Bandwidth (Nonparametric Estimation)

The smoothing window that controls how much neighboring data influence a nonparametric estimate.

In nonparametric estimation, the bandwidth (often written (h)) is a tuning parameter that controls how much nearby data influence an estimate. A small bandwidth uses a narrow neighborhood (less smoothing), while a large bandwidth uses a wide neighborhood (more smoothing).

The core idea is the bias-variance tradeoff: smoothing reduces noise but can blur real structure.

Core Mechanics

Bandwidth is easiest to see in a kernel density estimator:

[ \hat f_h(x) = \frac{1}{nh}\sum_{i=1}^n K!\left(\frac{x - X_i}{h}\right) ]

where (K(\cdot)) is the kernel (a weighting function) and (h) sets the scale of the neighborhood. As (h) increases, the estimate becomes smoother.

The same concept appears in kernel regression and local polynomial regression: (h) determines how local the fit is around a point (x).

Choosing A Bandwidth (Why It Is Hard)

There is no single “correct” bandwidth for every purpose:

  • If (h) is too small, estimates can be extremely noisy (high variance).
  • If (h) is too large, estimates can miss real features like sharp changes or local curvature (high bias).

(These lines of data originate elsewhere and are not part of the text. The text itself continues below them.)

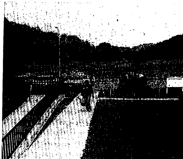
Loads and loads as students begin moving in.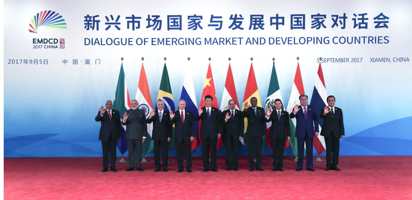
Leaders from the five BRICS countries, as well as Egypt, Guinea, Mexico, Tajikistan and Thailand, pose for a group photo on September 5 in Xiamen, southeast China's Fujian Province (XINHUA)

hen the first BRIC Summit was held in 2009 in Moscow, the Chinese version of the bloc leaders' joint statement was only around 1,500 characters. This month, the Xiamen Declaration of the Ninth BRICS Summit saw its list of outcomes exceed 12,000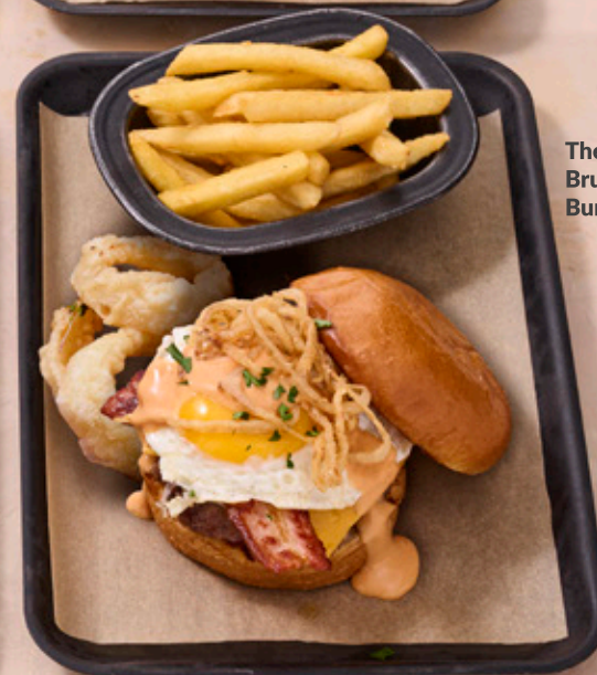
The Brunch Burger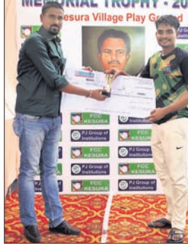
ବିଶ୍ଵଜିତ ଷ୍ଟୋରକୁ ପୁରସ୍କୃତ କରାଯାଇଛି।

ଭୁବନେଶ୍ଵର, ୧୩୧ (କ୍ରୀଡ଼ା ପ୍ରତିନିଧି): କେଶ୍ଵରୀ ଖେଳ ପଡ଼ିଆରେ ଚାଲିଥିବା ପଞ୍ଚାଶନ ବେନା ସ୍ମାରକ କ୍ରିକେଟ ଚୁନାମେଣ୍ଟର ଗୁଜୁରାଟ ଅନୁଷ୍ଠିତ ମ୍ୟାଚରେ ରାମେଶ୍ଵର ଷ୍ଟୋର ୪ ଉତ୍ତମ କିପର ସହିତ ଷ୍ଟୋରକୁ ପରାସ୍ତ କରିଛନ୍ତି। ଟପ୍ ହାରି ପ୍ରଥମେ ବ୍ୟାଟି ଆମନ୍ତ୍ରଣ ପାଇଥିବା ସହିତ ଷ୍ଟୋର ୨୪.୨ ଓଭରରେ ୧୪୬ ରନକରି ଅଲଆଉଟ ହୋଇଥିଲା। କର୍ବାବରେ ରାମେଶ୍ଵର ୨୩.୨ ଓଭରରେ ୪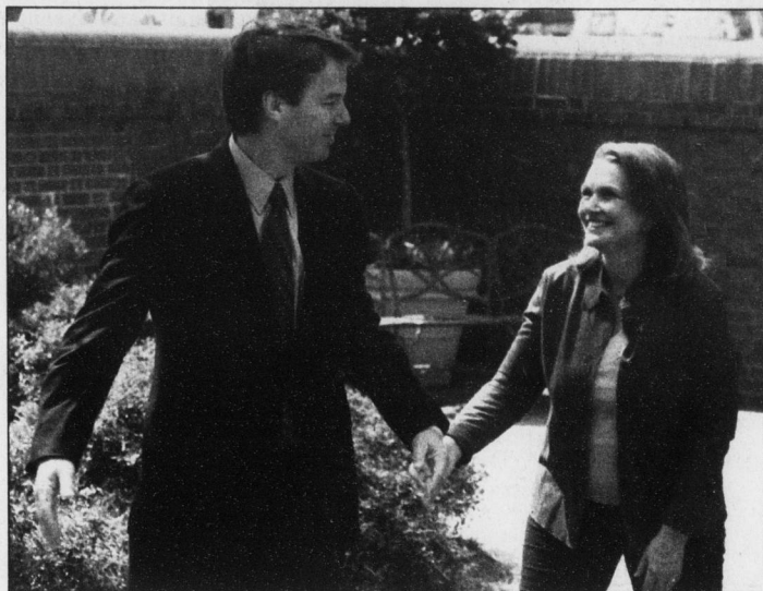
Presidential candidate John Edwards and his wife, Elizabeth, host a press conference at the Carolina Inn to tell the public that her cancer has returned but that the campaign will go on.

The recurrence was first detected last week after she experienced pain in her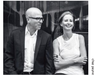
studio unltd p.130 studiounltd.com info@studiounltd.com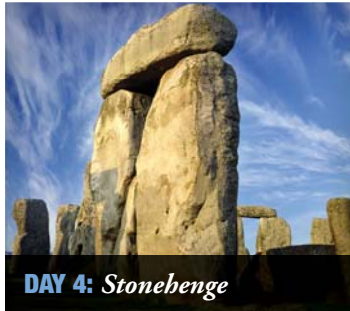
DAY 4: Stonehenge

Extend your tour and enjoy extra time exploring your destination or seeing a new place at a great value.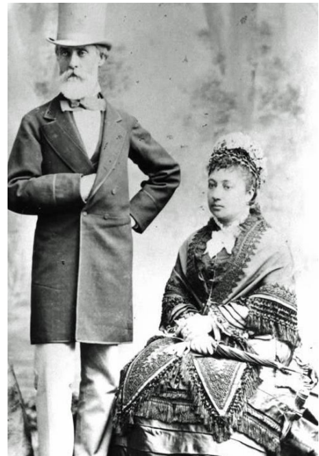
Charles and Pauahi were married in 1850. Through their 34 years of marriage and up until his death in 1915, he steadfastly advanced their shared vision of nurturing the well-being of Native Hawaiians.

Empirical practice often includes:

  • a data-driven choice rule (for example, plug-in or cross-validated bandwidths), and
  • sensitivity checks showing that key conclusions do not depend on one arbitrary (h).

Bandwidth In Regression Discontinuity (RDD)

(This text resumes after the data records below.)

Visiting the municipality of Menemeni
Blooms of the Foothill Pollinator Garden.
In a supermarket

In a regression discontinuity design, the bandwidth is the window around the cutoff used for estimation. A narrow window makes treated and control observations more comparable but uses less data; a wide window uses more data but may introduce bias because observations far from the cutoff are less comparable.

This is why RDD studies often report estimates at multiple bandwidths and include robustness checks.